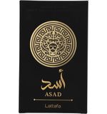 Asad is niet alleen een parfum; het is een ervaring. Het roept beelden op van luxe en klasse, gedragen door de moderne man die weet wat hij wil en dit ook uitstraalt. Deze geur is perfect voor elke gelegenheid, of u nu naar een belangrijk evenement gaat, een avondje uit plant of gewoon uzelf wilt verwennen. De elegante fles, ontworpen met oog voor detail, is een prachtige aanvulling op uw parfumcollectie. Laat Asad uw dagelijkse ritueel transformeren en ervaar zelf de allure van deze onvergetelijke geur.
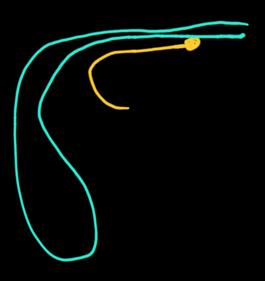 손으로 낚시줄 2개를 살짝 당길 수 있을 만한 길이.
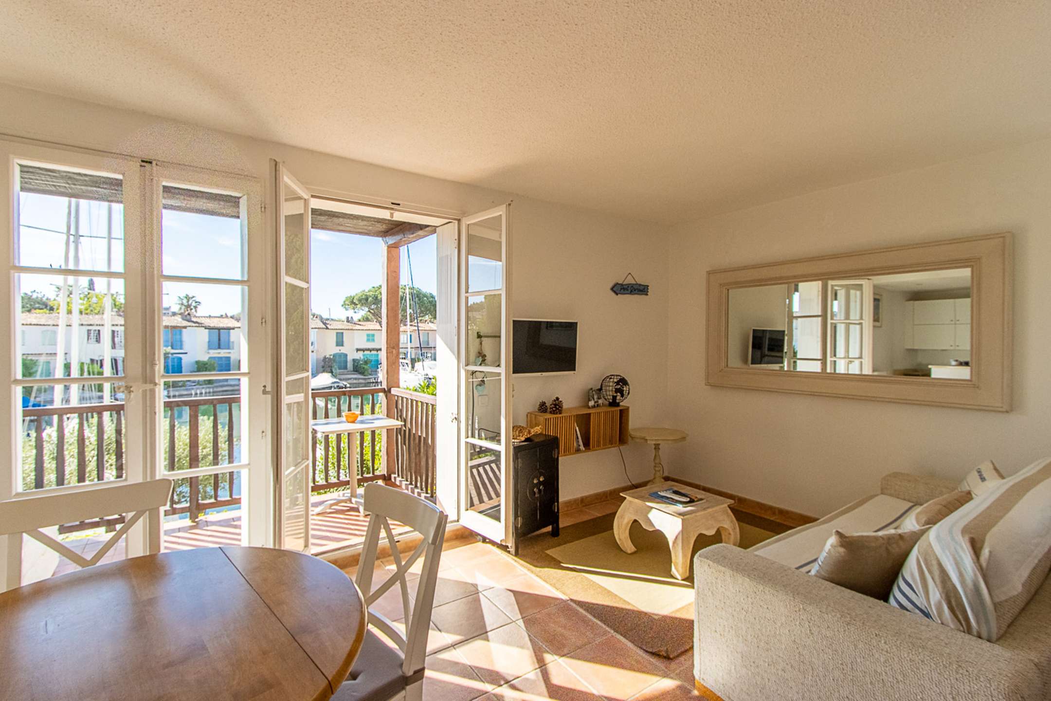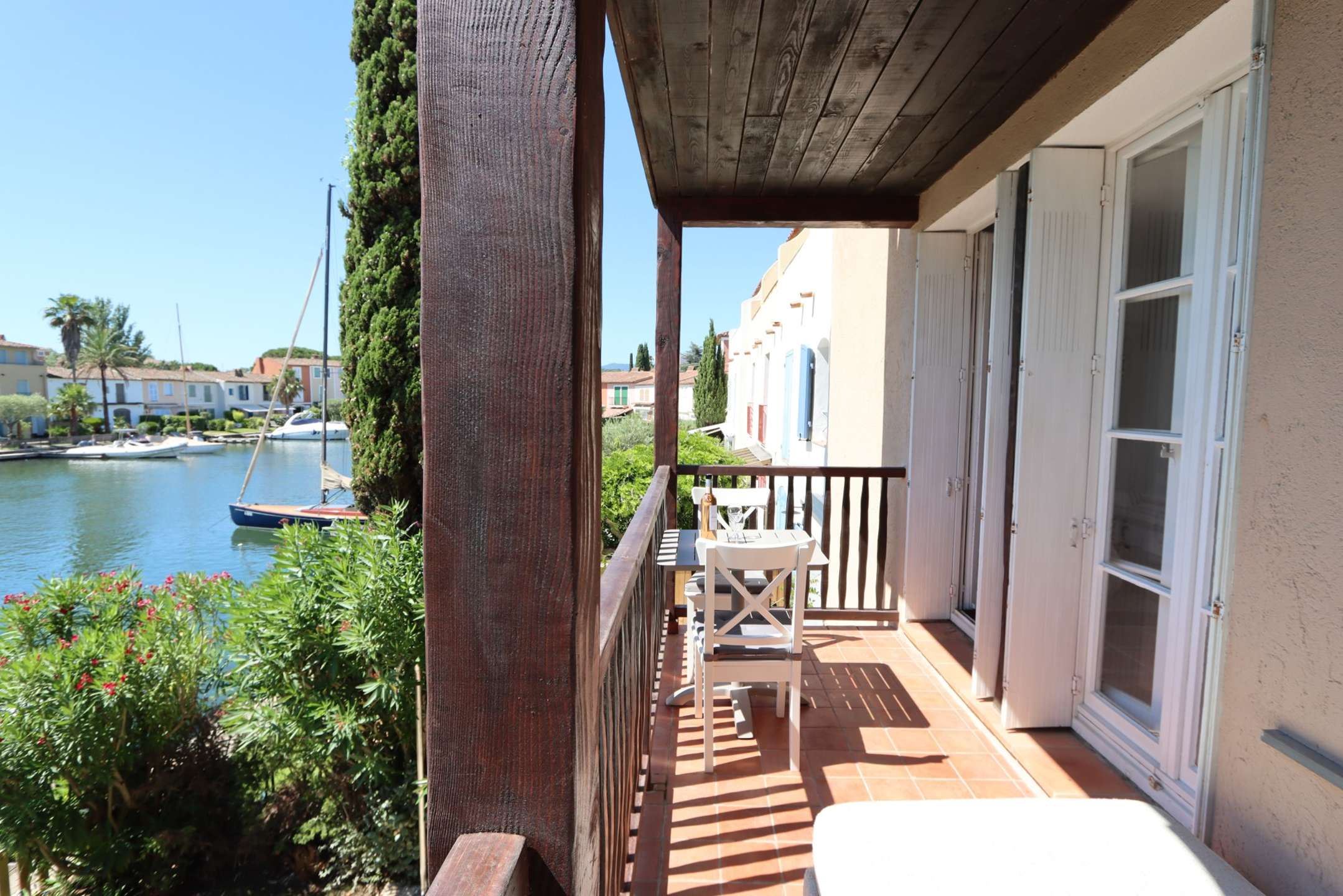 Côté canal, un grand balcon offrant une magnifique vue sur les bateaux et les maisons typiques de Port Grimaud.
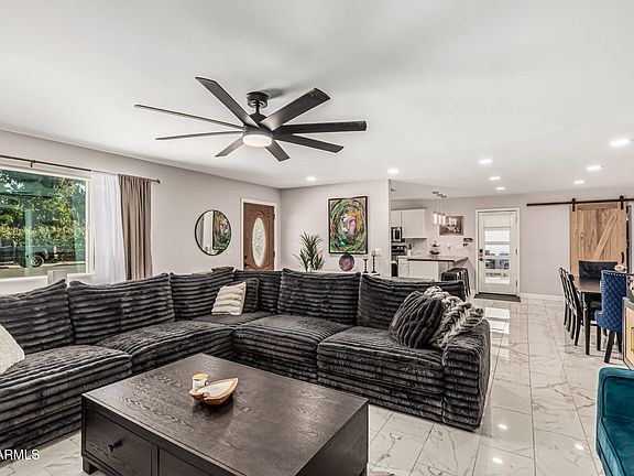 Interior features marble tile & wood floors, recessed lighting, brick fireplace, barn doors, and French doors to a backyard oasis with green grass, shade trees, fire pit, RV gate, covered patio & paver areas.
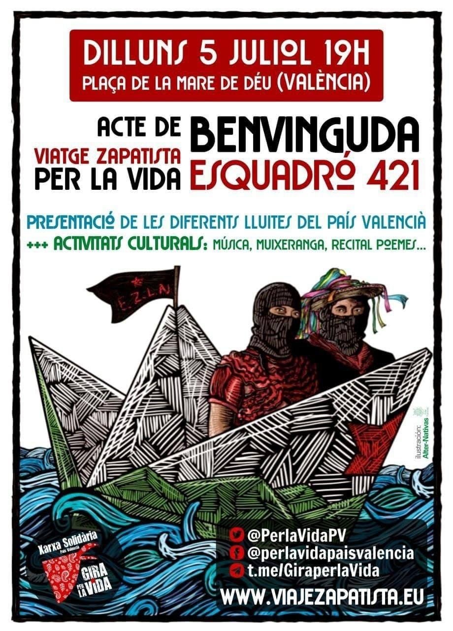 L’Esquadró 421 de l’Exèrcit Zapatista d’Alliberament Nacional (EZLN) ha arribat aquest dilluns a València (tal com es pot veure en aquest reportatge fotogràfic) després que desembarcara a la platja d’Alcabre de Vigo, a Galícia, el passat 22 de juny, i haja passat per Mèrida i Madrid. La delegació zapatista, que va salpar dos mesos abans des del port d’Isla Mujeres, a Mèxic, a bord d’un vaixell alemany rebatejat com La Montaña, «una muntanya navegant a repèl de la història», durà a terme una gira per una trentena de països europeus «per compartir les seues experiències rebels i intentar reactivar la lluita anticapitalista al Vell Continent». Està integrada per quatre dones, dos homes i una persona de gènere no binari.
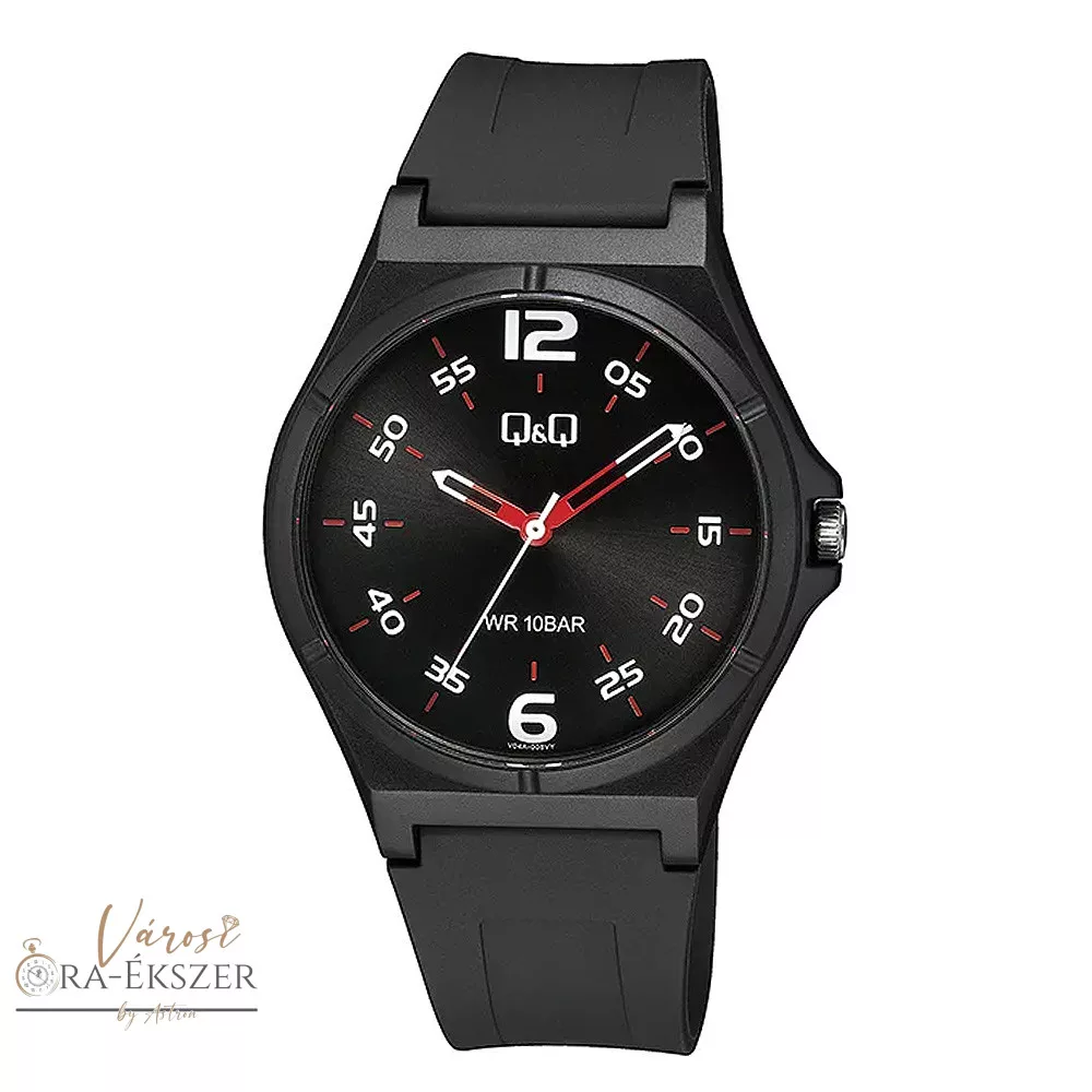Q&Q férfi karóra, quartz, fekete színű műanyag szíj, fekete színű műanyag tok, fekete színű arab számos számlap, V04A-005VY
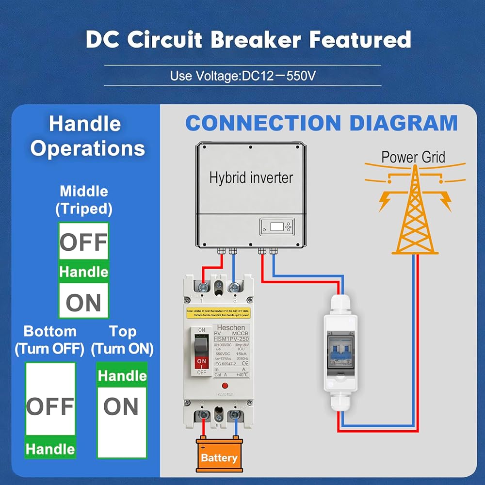 MCCB solar battery protection switch environmental usage temperature from ‑10℃ - 50℃, suitable for more extreme environment.

***

What you should do | Would you copy out all the data exactly, without the images?

Result of this exercise |
 Asad is niet alleen een parfum; het is een ervaring. Het roept beelden op van luxe en klasse, gedragen door de moderne man die weet wat hij wil en dit ook uitstraalt. Deze geur is perfect voor elke gelegenheid, of u nu naar een belangrijk evenement gaat, een avondje uit plant of gewoon uzelf wilt verwennen. De elegante fles, ontworpen met oog voor detail, is een prachtige aanvulling op uw parfumcollectie. Laat Asad uw dagelijkse ritueel transformeren en ervaar zelf de allure van deze onvergetelijke geur.
 손으로 낚시줄 2개를 살짝 당길 수 있을 만한 길이.
 Côté canal, un grand balcon offrant une magnifique vue sur les bateaux et les maisons typiques de Port Grimaud.
 Interior features marble tile & wood floors, recessed lighting, brick fireplace, barn doors, and French doors to a backyard oasis with green grass, shade trees, fire pit, RV gate, covered patio & paver areas.
 L’Esquadró 421 de l’Exèrcit Zapatista d’Alliberament Nacional (EZLN) ha arribat aquest dilluns a València (tal com es pot veure en aquest reportatge fotogràfic) després que desembarcara a la platja d’Alcabre de Vigo, a Galícia, el passat 22 de juny, i haja passat per Mèrida i Madrid. La delegació zapatista, que va salpar dos mesos abans des del port d’Isla Mujeres, a Mèxic, a bord d’un vaixell alemany rebatejat com La Montaña, «una muntanya navegant a repèl de la història», durà a terme una gira per una trentena de països europeus «per compartir les seues experiències rebels i intentar reactivar la lluita anticapitalista al Vell Continent». Està integrada per quatre dones, dos homes i una persona de gènere no binari.
Q&Q férfi karóra, quartz, fekete színű műanyag szíj, fekete színű műanyag tok, fekete színű arab számos számlap, V04A-005VY
 MCCB solar battery protection switch environmental usage temperature from ‑10℃ - 50℃, suitable for more extreme environment.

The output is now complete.